WORK REQUIRED ▸ Will you write out, word for word, every line from the one with "产品规格 M4.2*13(一" to the final line of the data below, with the pictures left out?

DATASET EXCERPTS ▸
::::

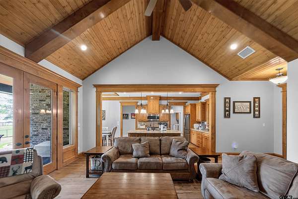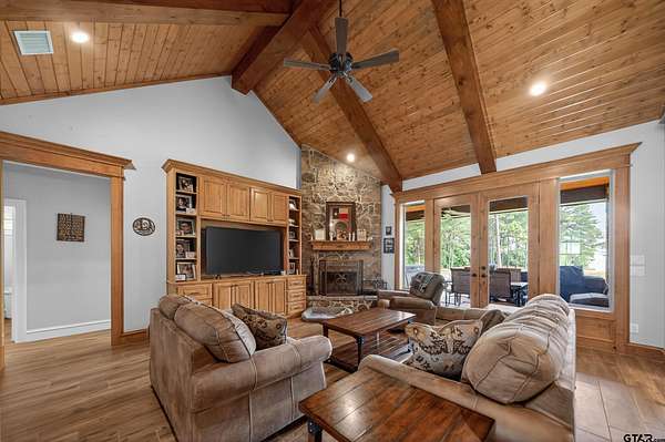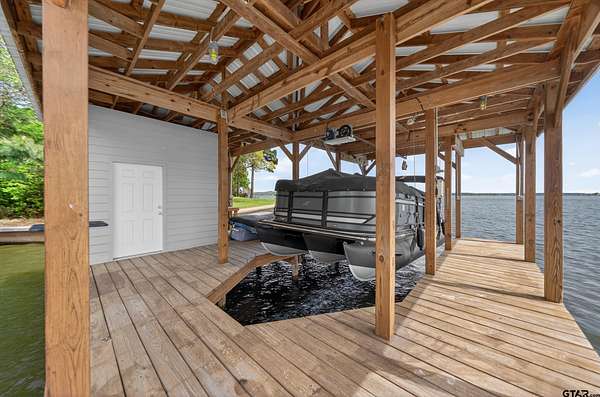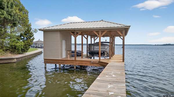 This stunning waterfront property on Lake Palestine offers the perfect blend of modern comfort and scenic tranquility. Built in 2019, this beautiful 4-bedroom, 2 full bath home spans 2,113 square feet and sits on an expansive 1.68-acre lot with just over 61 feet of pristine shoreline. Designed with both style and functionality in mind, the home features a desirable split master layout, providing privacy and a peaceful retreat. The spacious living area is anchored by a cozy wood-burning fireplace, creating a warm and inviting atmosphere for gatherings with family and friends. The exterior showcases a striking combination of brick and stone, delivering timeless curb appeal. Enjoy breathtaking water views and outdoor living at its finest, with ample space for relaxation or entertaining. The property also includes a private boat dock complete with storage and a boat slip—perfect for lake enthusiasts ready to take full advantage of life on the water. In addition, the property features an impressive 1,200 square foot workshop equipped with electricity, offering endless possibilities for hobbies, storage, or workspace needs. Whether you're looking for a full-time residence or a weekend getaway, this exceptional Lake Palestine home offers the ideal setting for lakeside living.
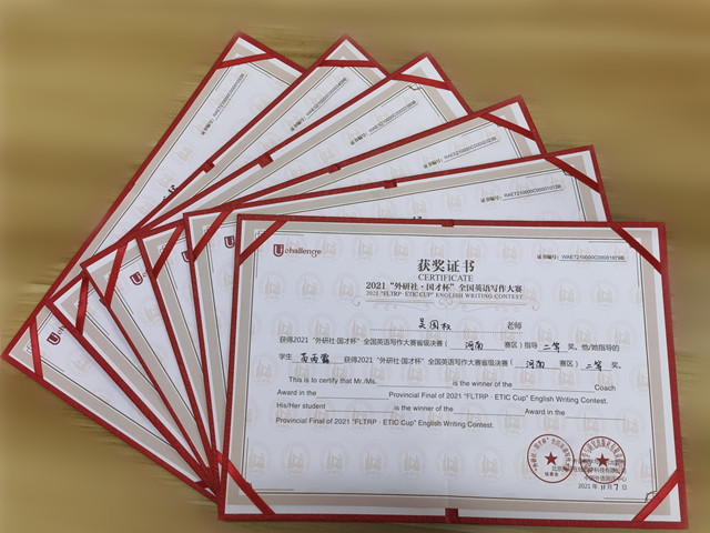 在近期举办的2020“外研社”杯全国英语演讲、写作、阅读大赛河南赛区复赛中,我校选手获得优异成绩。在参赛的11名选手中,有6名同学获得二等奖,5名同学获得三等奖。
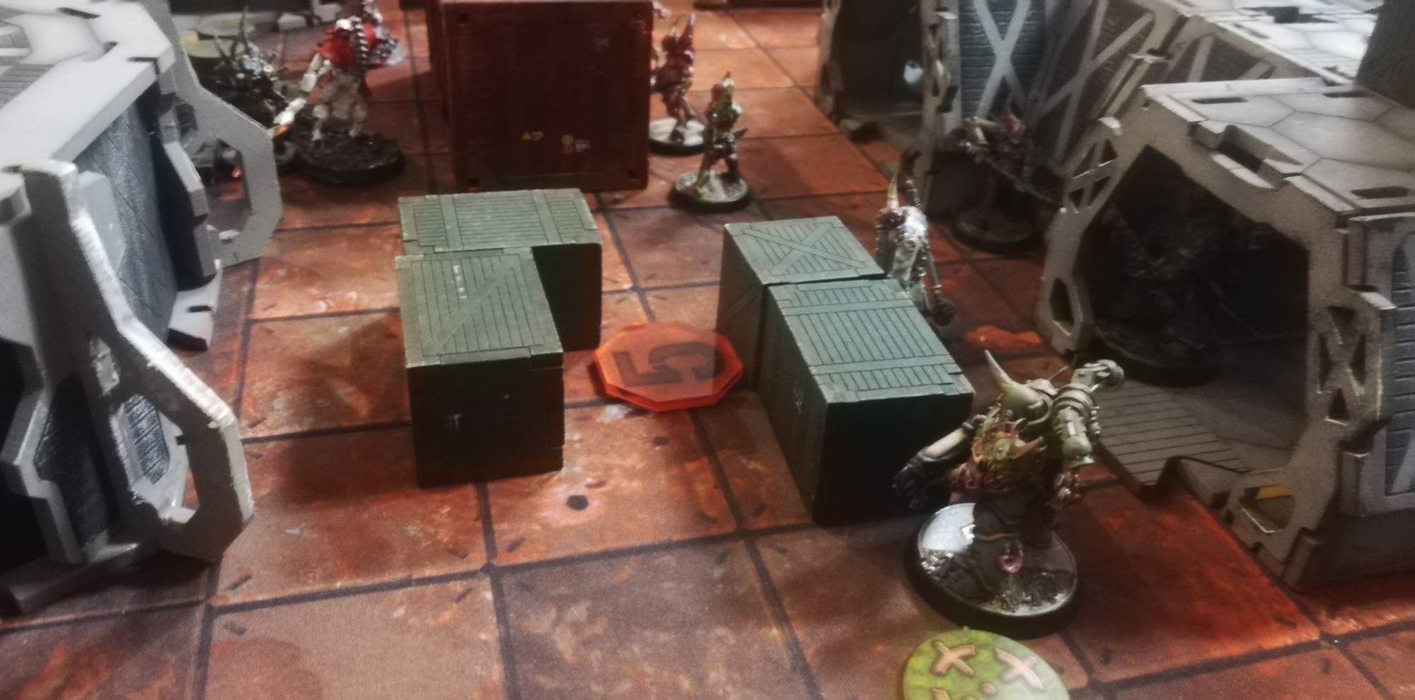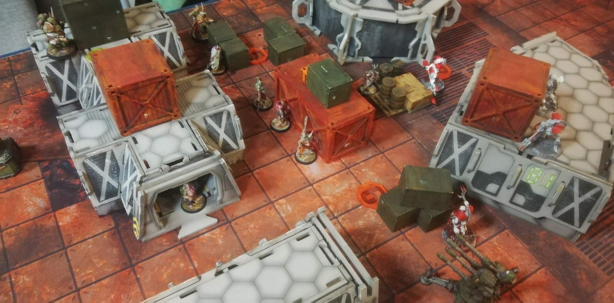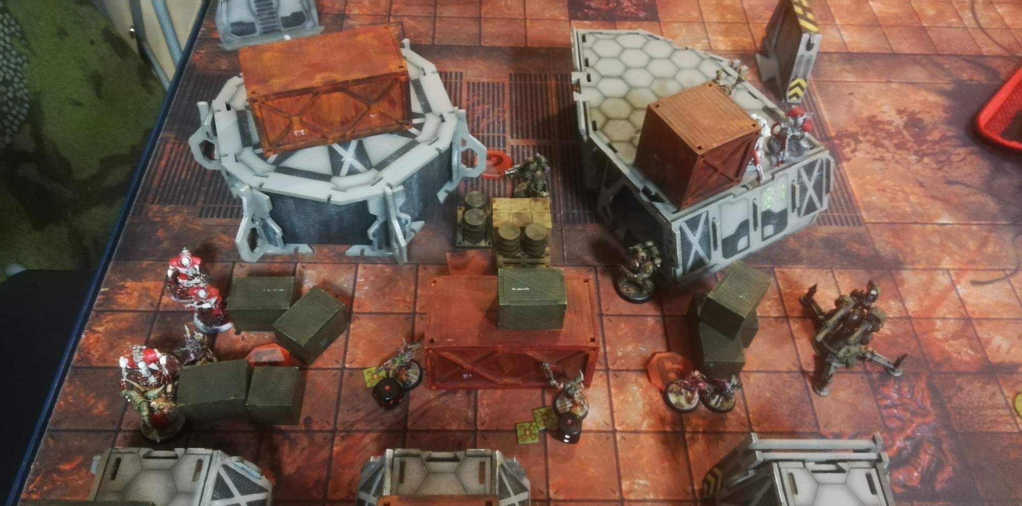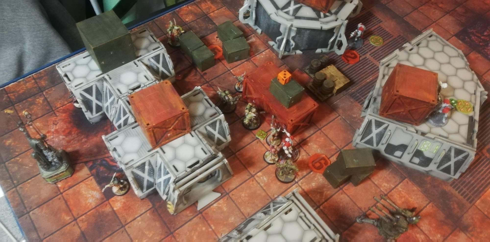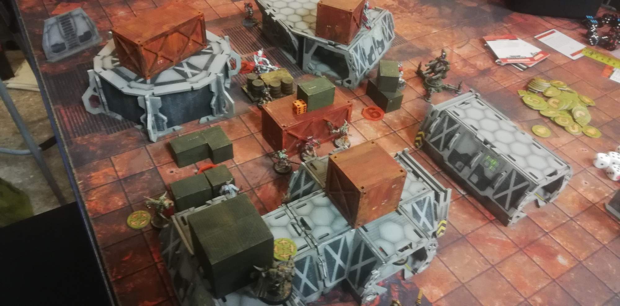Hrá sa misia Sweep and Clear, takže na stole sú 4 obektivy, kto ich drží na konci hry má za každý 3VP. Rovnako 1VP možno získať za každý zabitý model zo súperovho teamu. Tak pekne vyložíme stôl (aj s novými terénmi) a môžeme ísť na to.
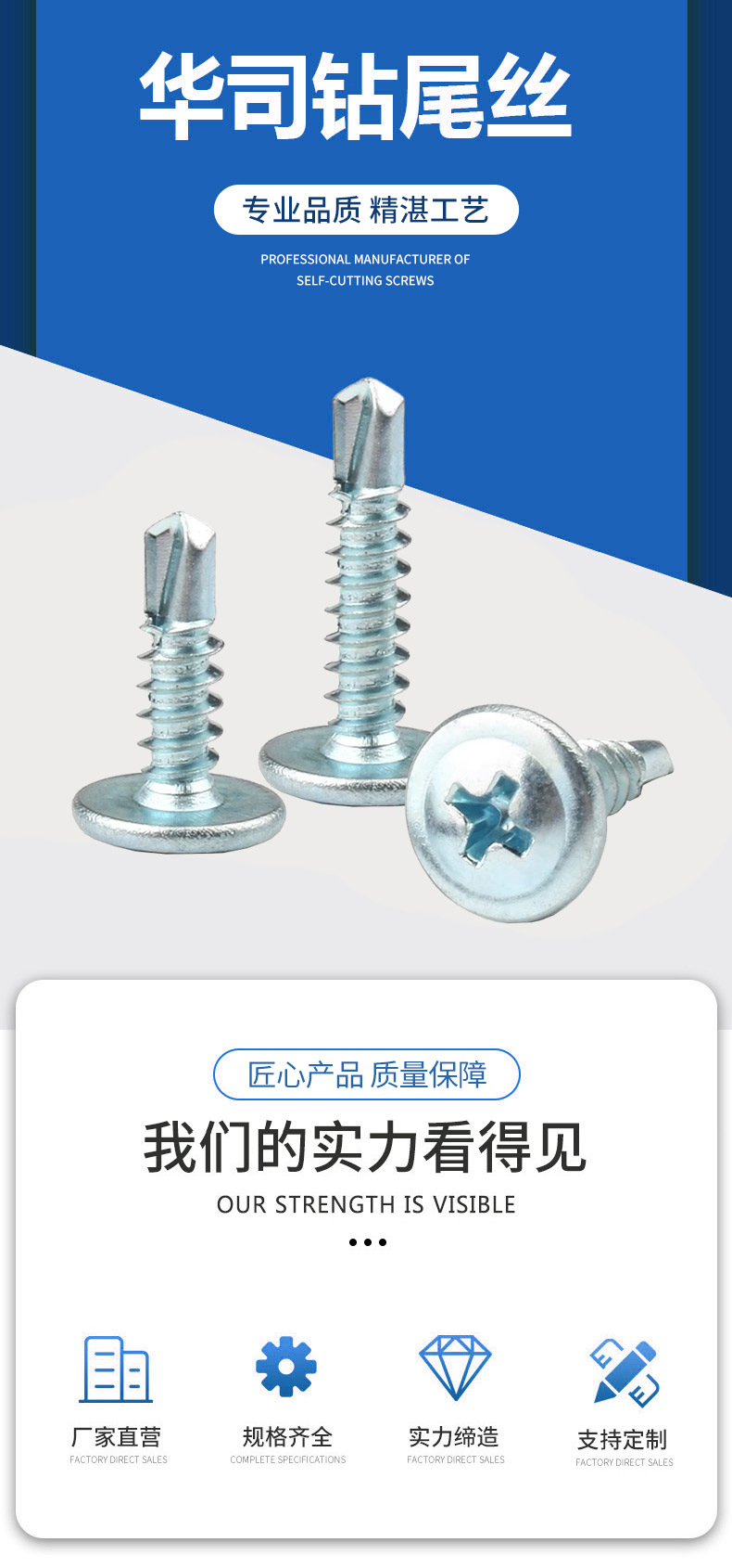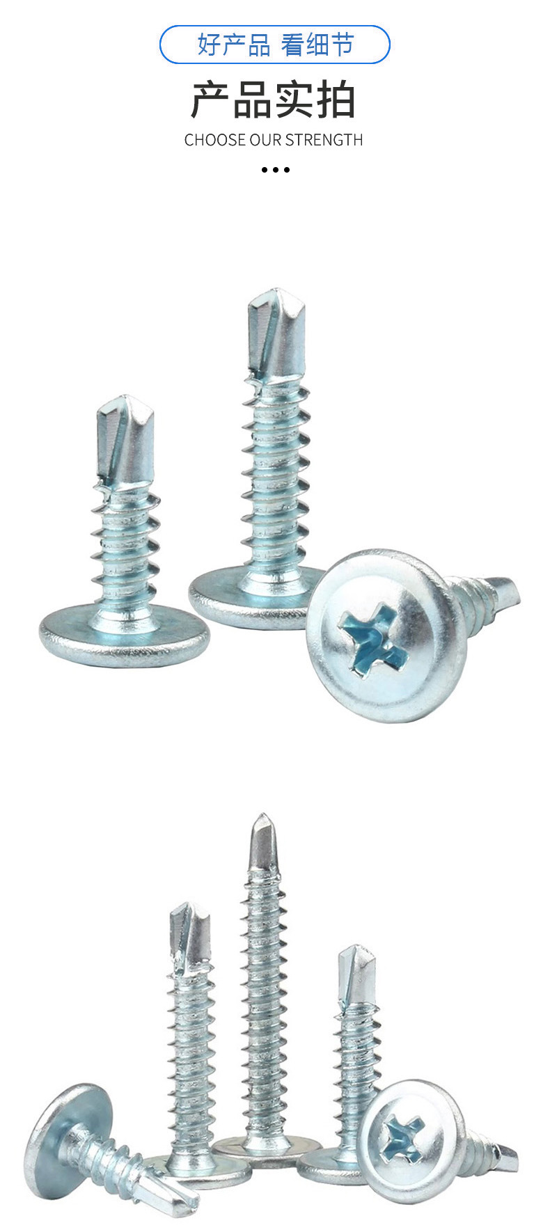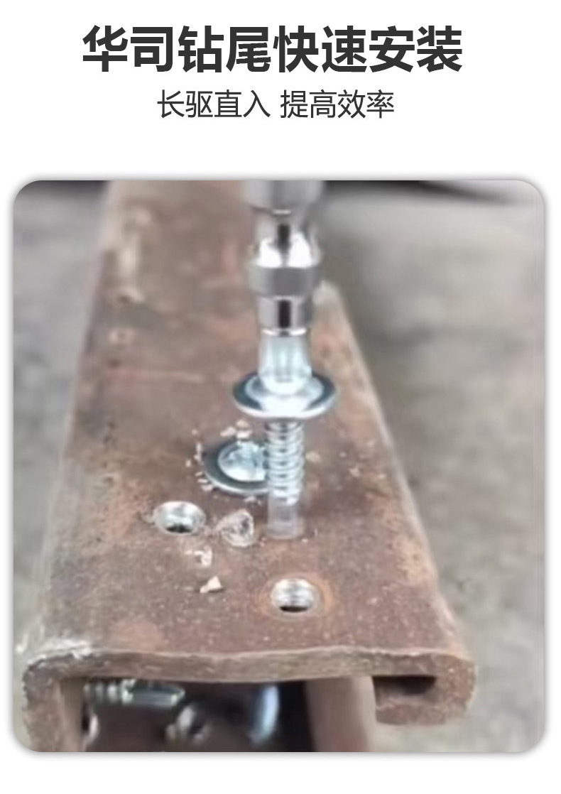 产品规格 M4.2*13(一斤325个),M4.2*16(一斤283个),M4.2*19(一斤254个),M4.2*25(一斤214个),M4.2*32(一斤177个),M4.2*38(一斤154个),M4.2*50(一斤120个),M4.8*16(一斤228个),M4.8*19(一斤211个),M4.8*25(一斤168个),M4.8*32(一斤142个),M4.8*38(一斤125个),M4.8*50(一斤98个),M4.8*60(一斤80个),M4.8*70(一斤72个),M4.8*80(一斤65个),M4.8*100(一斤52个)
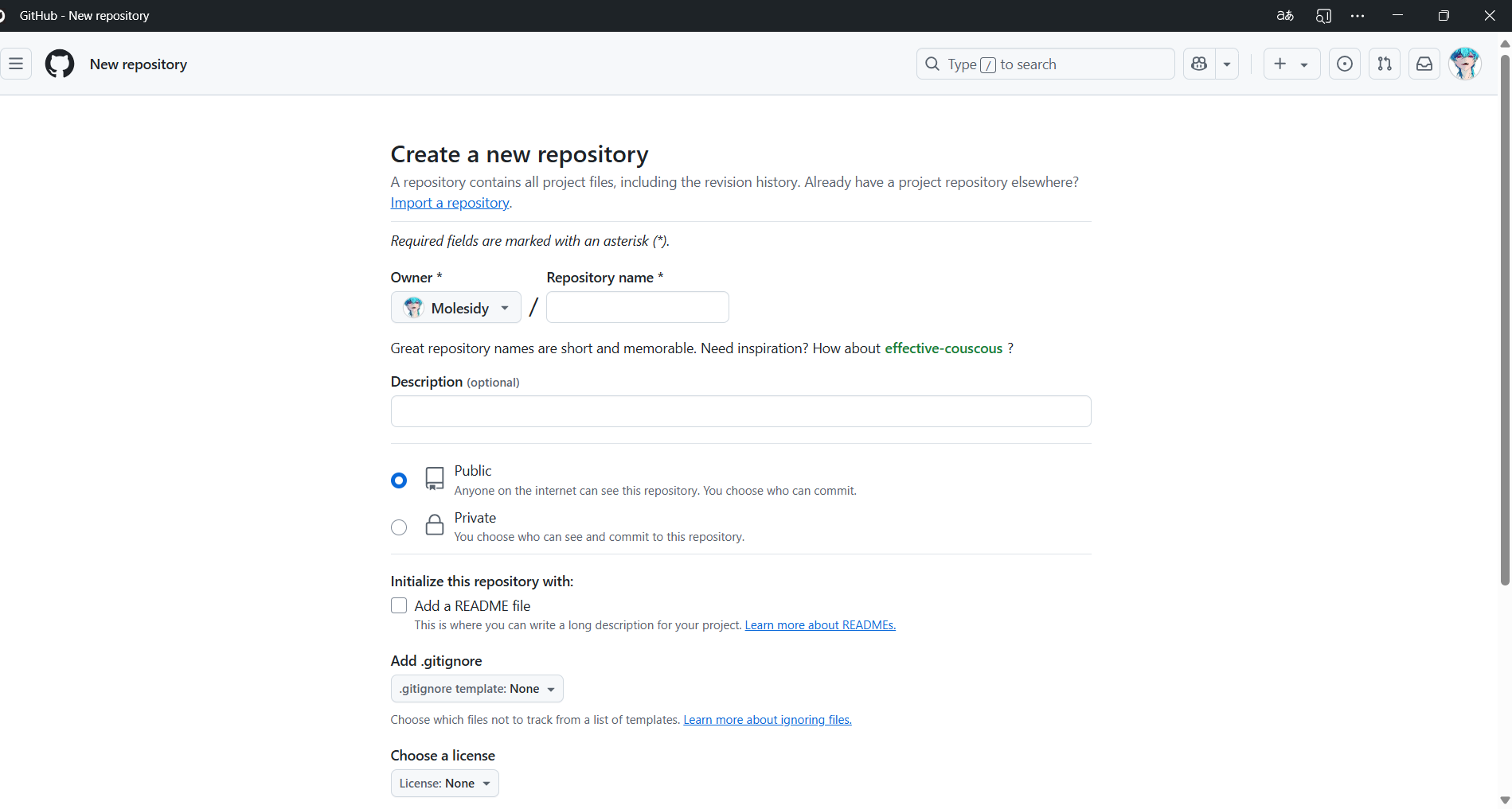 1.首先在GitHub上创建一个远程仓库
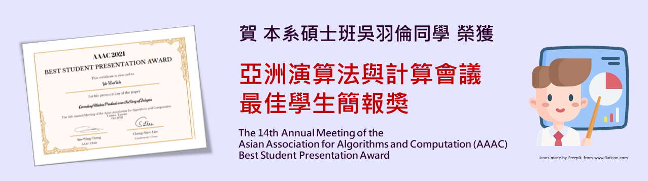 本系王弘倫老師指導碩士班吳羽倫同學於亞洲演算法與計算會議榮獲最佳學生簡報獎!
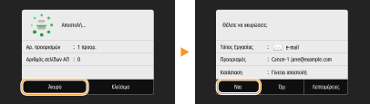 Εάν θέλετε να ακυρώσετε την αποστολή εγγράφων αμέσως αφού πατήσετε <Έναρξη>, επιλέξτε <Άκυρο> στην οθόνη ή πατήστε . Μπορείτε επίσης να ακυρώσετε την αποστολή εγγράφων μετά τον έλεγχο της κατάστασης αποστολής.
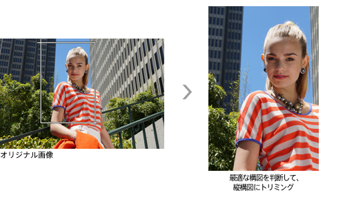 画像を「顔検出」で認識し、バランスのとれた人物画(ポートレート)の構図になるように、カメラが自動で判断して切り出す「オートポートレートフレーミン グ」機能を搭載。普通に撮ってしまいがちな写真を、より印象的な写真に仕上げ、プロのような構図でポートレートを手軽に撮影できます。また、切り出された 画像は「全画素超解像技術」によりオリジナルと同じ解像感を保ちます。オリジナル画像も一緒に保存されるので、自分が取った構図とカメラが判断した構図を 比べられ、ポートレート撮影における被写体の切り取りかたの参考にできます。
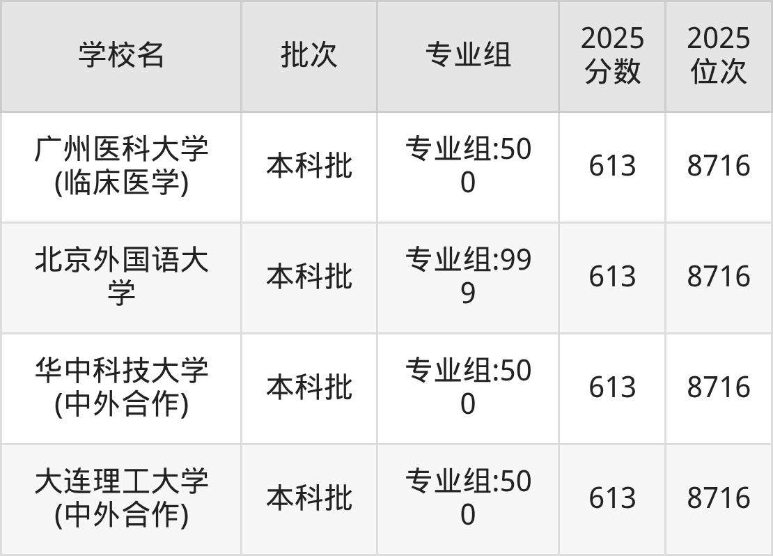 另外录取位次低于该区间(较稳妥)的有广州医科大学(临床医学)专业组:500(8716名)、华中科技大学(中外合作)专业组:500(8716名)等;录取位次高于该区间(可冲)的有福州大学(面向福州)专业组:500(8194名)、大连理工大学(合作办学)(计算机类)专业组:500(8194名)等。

::::

REPLY ▸
 产品规格 M4.2*13(一斤325个),M4.2*16(一斤283个),M4.2*19(一斤254个),M4.2*25(一斤214个),M4.2*32(一斤177个),M4.2*38(一斤154个),M4.2*50(一斤120个),M4.8*16(一斤228个),M4.8*19(一斤211个),M4.8*25(一斤168个),M4.8*32(一斤142个),M4.8*38(一斤125个),M4.8*50(一斤98个),M4.8*60(一斤80个),M4.8*70(一斤72个),M4.8*80(一斤65个),M4.8*100(一斤52个)
 1.首先在GitHub上创建一个远程仓库
 本系王弘倫老師指導碩士班吳羽倫同學於亞洲演算法與計算會議榮獲最佳學生簡報獎!
 Εάν θέλετε να ακυρώσετε την αποστολή εγγράφων αμέσως αφού πατήσετε <Έναρξη>, επιλέξτε <Άκυρο> στην οθόνη ή πατήστε . Μπορείτε επίσης να ακυρώσετε την αποστολή εγγράφων μετά τον έλεγχο της κατάστασης αποστολής.
 画像を「顔検出」で認識し、バランスのとれた人物画(ポートレート)の構図になるように、カメラが自動で判断して切り出す「オートポートレートフレーミン グ」機能を搭載。普通に撮ってしまいがちな写真を、より印象的な写真に仕上げ、プロのような構図でポートレートを手軽に撮影できます。また、切り出された 画像は「全画素超解像技術」によりオリジナルと同じ解像感を保ちます。オリジナル画像も一緒に保存されるので、自分が取った構図とカメラが判断した構図を 比べられ、ポートレート撮影における被写体の切り取りかたの参考にできます。
 另外录取位次低于该区间(较稳妥)的有广州医科大学(临床医学)专业组:500(8716名)、华中科技大学(中外合作)专业组:500(8716名)等;录取位次高于该区间(可冲)的有福州大学(面向福州)专业组:500(8194名)、大连理工大学(合作办学)(计算机类)专业组:500(8194名)等。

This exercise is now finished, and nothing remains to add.